A Parallel Latent Semantic Indexing (LSI) Algorithm for Malay Hadith Translated Document Retrieval

Latent Semantic Indexing (LSI) is one of the well-known searching techniques which match queries to documents in information retrieval applications. LSI has been proven to improve the retrieval performance, however, as the size of documents gets larger, current implementations are not fast enough to compute the result on a standard personal computer. In this paper, we proposed a new parallel LSI algorithm on standard personal computers with multi-core processors to improve the performance of retrieving relevant documents.

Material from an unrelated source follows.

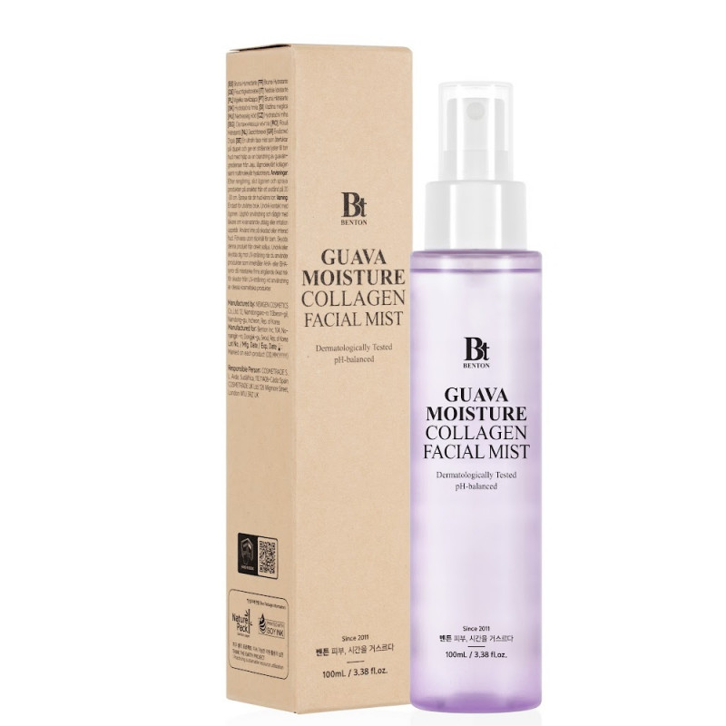 Benton Guava Moisture Collagen Facial Mist – легкий зволожувальний міст для щоденного догляду, який миттєво освіжає шкіру, надає природного сяйва та підтримує оптимальний рівень вологи.

The proposed parallel LSI was designed to automatically run the matrix computation on LSI algorithms as parallel threads using multi-core processors. The Fork-Join technique is applied to execute the parallel programs. We used the Malay Translated Hadith of Shahih Bukhari from Jilid 1 until Jilid 4 as the test collections. The total number of documents used is 2028 of text files. The processing time during the pre-processing phase of the documents for the proposed parallel LSI is measured and compared to the sequential LSI algorithm. Our results show that processing time for pre-processing tasks using our proposed parallel LSI system is faster than sequential system. Thus, our proposed parallel LSI algorithm has improved the searching time as compared to sequential LSI algorithm.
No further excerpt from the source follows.